Part of the reason I say "baby" instead of using his name is that his name, Louis, is one that drives me nuts because you can pronounce it different ways. I think this actually hindered my sympathy in the book, because whenever I hit the name "Louis," my internal-reading-voice, unable to pronounce it, just went, "you know, the baby."
(Nor is this the only disconnect the names in this book caused me. Jessica's husband is supposed to be a major, major hottie. I'm sorry, but the name "Mickey"? In my head, it's got another name attached to it. "Mouse." And I'm just not feelin' the sex appeal.)
Another reason, I think, that I have trouble with the tight focus on the missing-baby issue (and if you can't get behind that, then the book's basically lost you), is the fact that Louis really isn't a character. Mickey speaks and acts, and Jessica has extensive flackbacks about him. Ditto Robbie, Jessica's brother. Louis is just sort of a . . . thing. A precious thing, sure, I'll give you that, even though I'm not a big fan of babies. (It could be that the author is, in part, counting on readers automatically going BABY = MOST IMPORTANT THING EVER, possibly due to her own attitudes? Obviously, I don't know.) But he's not a character - he's a baby. And he's a baby who's absent for almost the entire book. No amount of Jessica's loving remembrance of his peach fuzzy head is going to make me care more about him than I do about, say, the husband who Jessica barely visits in the hospital, even though he feels terrible and is also quite worried about his son.

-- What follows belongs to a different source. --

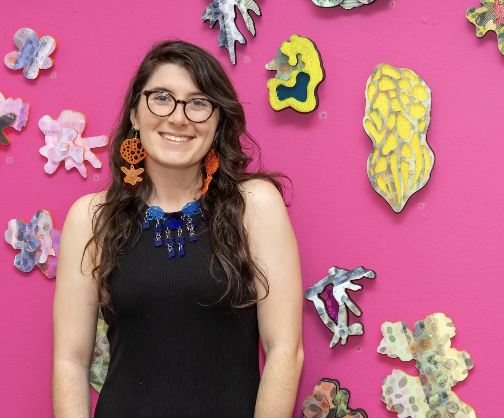 During her residency, Keats will build off her current research to create an immersive installation for viewers that fosters dialogue about humanity’s interactions with technology and the natural world. Through a combination of digital printing, collage, laser cutting, and painting, Keats constructs sculptural paintings that mimic the forms of coral and fungi to build immersive environments for viewers which system from her response to the natural world, and aim to create a sense of awe. These pieces will switch between small paintings and lenticular prints to larger spatial interventions that go from the wall to the floor, allowing the work to enmesh viewers in a space completely. By integrating the methods of world-building used in speculative fiction, Keats aims to construct immersive environments that allow viewers to explore the boundaries between artificial and organic systems.

Plus, the search isn't as tense as it could be. A video is sent early on to indicate that Louis is being well taken care of, and it's established that he was probably kidnapped by someone who has no intention of harming him. So there's not much of a time-sensitive element to the search, except that they need to be quick because every moment's delay increases the chances that Jessica will go postal.
The ending seems sudden and weird to me. So Mickey was in on it, kind of. But not really! But this makes him evil! But all that matters is that Louis is back! So presumably Jessica will . . . leave Mickey? Maybe get up with that police officer she's been abusing for most of the book? Okie-dokie, then . . .
I was genuinely sad about Robbie's death, and sympathized still less with Jessica because of how quickly her focus boomeranged from that tragedy back to the search for Louis.
Also, all of Jessica's involvement with the case was quite forced. She doesn't have any relevant skills, basically, and most of the information she knows could have been passed on to the really-quite-effective police instead of her rather-ineffectively acting on it herself. The fact that she nevertheless wedges herself firmly into every aspect of the investigation is interesting in what it says about her character - she has backstory reasons not to trust the police - but makes for some *headdesk* moments when I really wish she'd just do the smart thing.
Still, not too bad a read for the writing. I probably wouldn't read another thriller by this author, but I'd like to see her try her hand at comedy.